Não gosto de me vitimizar enquanto mulher. Não penso que em Portugal as mulheres sejam prejudicadas ou discriminadas, face aos homens, para além de limites aceitáveis. Mas a história que vou contar a seguir deixou-me a pensar. Seria o desfecho igual se o queixoso fosse um homem? Nunca vou compreender a duplicidade (às vezes a tri, tetra, etc. plicidade) das interpretações da lei.
Um homem sofreu um acidente de viação, causado por outro homem e ficou com disfunção eréctil. A mulher do acidentado apresentou um processo contra a seguradora do causador do acidente, pedindo uma indemnização pelos danos morais que a disfunção eréctil do marido lhe causou, traduzidos na incapacidade deste em assegurar o chamado débito conjugal.
Na primeira instância, a seguradora foi absolvida sem julgamento formal, por o juiz (de certeza um homem) entender que os danos reclamados não eram indemnizáveis.

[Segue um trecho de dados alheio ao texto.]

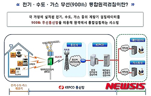 한전 관계자는 "각 가정에 설치된 전기와 수도, 가스의 계량기 검침데이터를 900㎒ 무선통신망으로 원격에서 통합검침하는 신기술"이라며 "통합검침 인프라를 활용해 치매노인 위치확인, 독거노인 안심 서비스 등 사회안전망 서비스로 확대 활용할 수도 있다"고 말했다.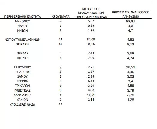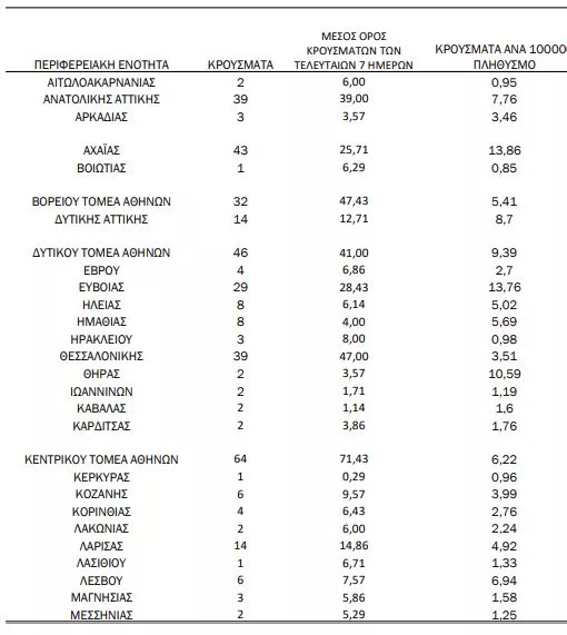 Αναλυτικά η κατανομή των κρουσμάτων ανά περιφέρεια

O Tribunal da Relação do Porto, porém, entendeu que tais danos mereceiam ser indemnizados, se provados, e ordenou que o processo prosseguisse. Se a queixosa provasse que a disfunção eréctil lhe causava (a ela) danos, estes tinham de ser pagos pela companhia de seguros. Escreveu o relator da decisão:
«O cônjuge de sinistrado em acidente de viação que em virtude do acidente ficou afectado na sua capacidade sexual, tem direito a ser indemnizado por se sentir afectado directamente no seu direito à sexualidade no âmbito dos deveres conjugais com referência expressa ao débito conjugal.»
A companhia seguradora, como de costume, recorreu logo para o Supremo Tribunal e Justiça. E ganhou:
«A mulher casada com vítima de acidente de viação causador de lesões que provocaram disfunção eréctil, não tem direito de reclamar, do responsável, indemnização por danos não patrimoniais.»
O principal argumento dos Senhores Conselheiros foi este: «Não pode pôr-se em causa que numa situação como esta, bem como nos casos em que ocorram lesões graves em acidentes, podem ser, e são-no frequentemente, muito graves os danos colaterais suportadas por quem não sofreu o impacto directo da ofensa. Mas é evidente o propósito do legislador no sentido de delimitar ou circunscrever o âmbito dos titulares do direito a indemnização [excluindo os terceiros, em caso de "lesão corporal"; apenas no caso de morte podem os respectivos familiares reclamar indemnizações pelo seu sofrimento].
Isto é ou não é um absurdo?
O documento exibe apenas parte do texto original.